Experimentation was approved by the ethical committees of the participating centres. Before inclusion in the study, patients or their legal guardians signed a written informed consent. G-CSF treatment was not considered an exclusion criterion.
The study was carried out over a 3-year period; during the first year no vitamin supplementation was prescribed; during the second year patients were treated with vitamin E (600 mg/day were given to prepubertal patients and 900 mg/day to adults); during the third year vitamin E wash-out was performed.
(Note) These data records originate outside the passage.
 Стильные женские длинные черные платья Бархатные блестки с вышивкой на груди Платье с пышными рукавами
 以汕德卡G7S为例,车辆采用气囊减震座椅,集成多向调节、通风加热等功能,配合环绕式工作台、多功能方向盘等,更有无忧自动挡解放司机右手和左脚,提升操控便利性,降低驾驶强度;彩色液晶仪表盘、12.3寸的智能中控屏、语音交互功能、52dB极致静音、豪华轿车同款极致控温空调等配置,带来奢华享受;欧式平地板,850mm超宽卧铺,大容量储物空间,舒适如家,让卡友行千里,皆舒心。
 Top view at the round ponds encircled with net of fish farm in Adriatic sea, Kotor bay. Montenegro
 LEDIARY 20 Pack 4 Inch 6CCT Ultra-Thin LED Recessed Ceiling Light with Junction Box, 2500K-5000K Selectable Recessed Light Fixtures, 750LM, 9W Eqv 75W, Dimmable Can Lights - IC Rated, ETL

Clinical and biochemical parameters were monitored and the results obtained during the second year were compared to both those of the first and third year. Neutrophil counts were obtained every three weeks throughout the study. A complete clinical assessment was made every six months, with particular attention to the presence of mouth ulcers, infections and signs suggestive of IBD.
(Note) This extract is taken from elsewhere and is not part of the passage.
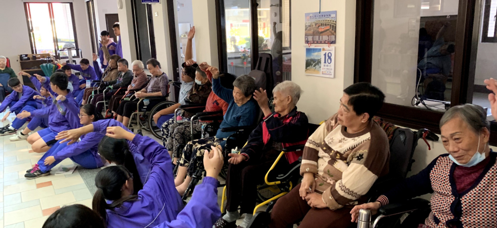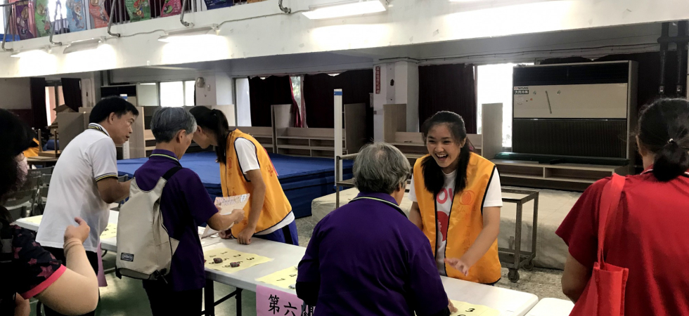 志工團隊都會到社區的養老院拜訪,除了表演給老人家們看讓他們開心,還會製作食品給予爺爺奶奶們吃與他們聊聊天幫他們按摩,另外我們團隊也與弘道老人機構合作,舉辦桌遊活動,讓年長者能夠動動頭腦,兌換物資。
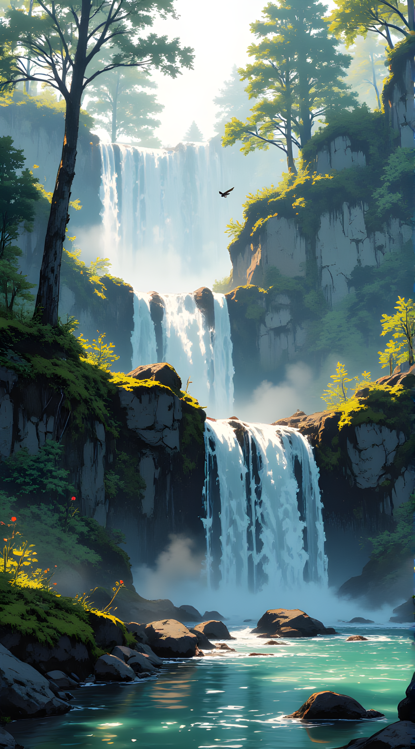 The scene unfolds as a serene, ethereal woodland paradise, where the gentle hum of nature fills the air with a sense of quiet magic. At its heart lies a cascading waterfall, its waters tumbling gracefully down a series of moss-covered ledges and into a tranquil pool below. The sunlight filters through the dense canopy of towering trees, casting dappled patterns of light and shadow across the landscape, creating an atmosphere that feels both ancient and timeless. The waterfall itself is a marvel of natural beauty. Its upper tiers cascade in delicate streams, their white froth contrasting sharply against the dark, rugged rocks that form the cliffs. As the water plunges further, it gathers momentum, forming a shimmering veil that catches the light like a thousand tiny diamonds. The final descent culminates in a broad, emerald-green pool, its surface calm and reflective, mirroring the sky above and the lush foliage that surrounds it. The surrounding forest is alive with vibrant hues. Trees of varying heights and species stand sentinel, their leaves a mix of deep greens and hints of golden-yellow, suggesting the transition between seasons. Moss carpets the ground and clings to the rocks, adding layers of texture and depth to the scene. Here and there, patches of wildflowers peek out from the undergrowth, their delicate petals catching the light and lending a touch of whimsy to the otherwise solemn setting. In the distance, the mist hangs low, obscuring parts of the landscape and lending an air of mystery to the far reaches of the forest. The light seems to dance on the edges of this fog, creating a soft glow that enhances the dreamlike quality of the scene. Birdsong can almost be heard, though silent, their presence implied by the gentle rustling of leaves and the occasional flutter of unseen wings. The overall mood is one of profound peace and wonder. It is a place untouched by time, where the elementsâwater, earth, and airâexist in perfect harmony. Every detail, from the smooth flow of the waterfall to the intricate textures of the moss and bark, speaks to the raw beauty of nature. This is not merely a landscape; it is a sanctuaryâa hidden corner of the world where one might lose themselves in the embrace of creation. j_art, anime, anime art, <lora:FLUX\jul\J_Anime:0.7>, <lora:FLUX\RealAnime:0.7>

Serum vitamin E levels, neutrophil function tests and ileocolonoscopy were performed once a year.
Manifestations compatible with adverse effects of G-CSF treatment, such as splenomegaly and osteopenia, when present, were monitored every 6 months.
Methods
Clinical Examination and Assessment of Infections
Patients were routinely examined in day hospital every 6 months or at the moment of any intercurrent infection. Physical examination included evaluation of weight, height and body mass index. The presence of nose, throat, lung and/or skin infections, abdominal pain, mouth ulcers and perianal lesions was recorded and evaluated according to a severity score index; in this scoring system the site of the infection, the need for therapy and/or hospital admission for observation and the duration of the disease were considered (Melis et al. 2009).
Biochemical Investigations
Neutrophil count was measured by standard methods and neutropenia was defined as peripheral blood neutrophil count below 500 × 109/L. Neutrophil function tests included N-formyl-methionyl leucyl-phenylalanine (fMLP)-induced activation of respiratory burst and E. coli-induced respiratory burst and phagocytosis by flow cytometry. Serum vitamin E assay was performed by standard procedures.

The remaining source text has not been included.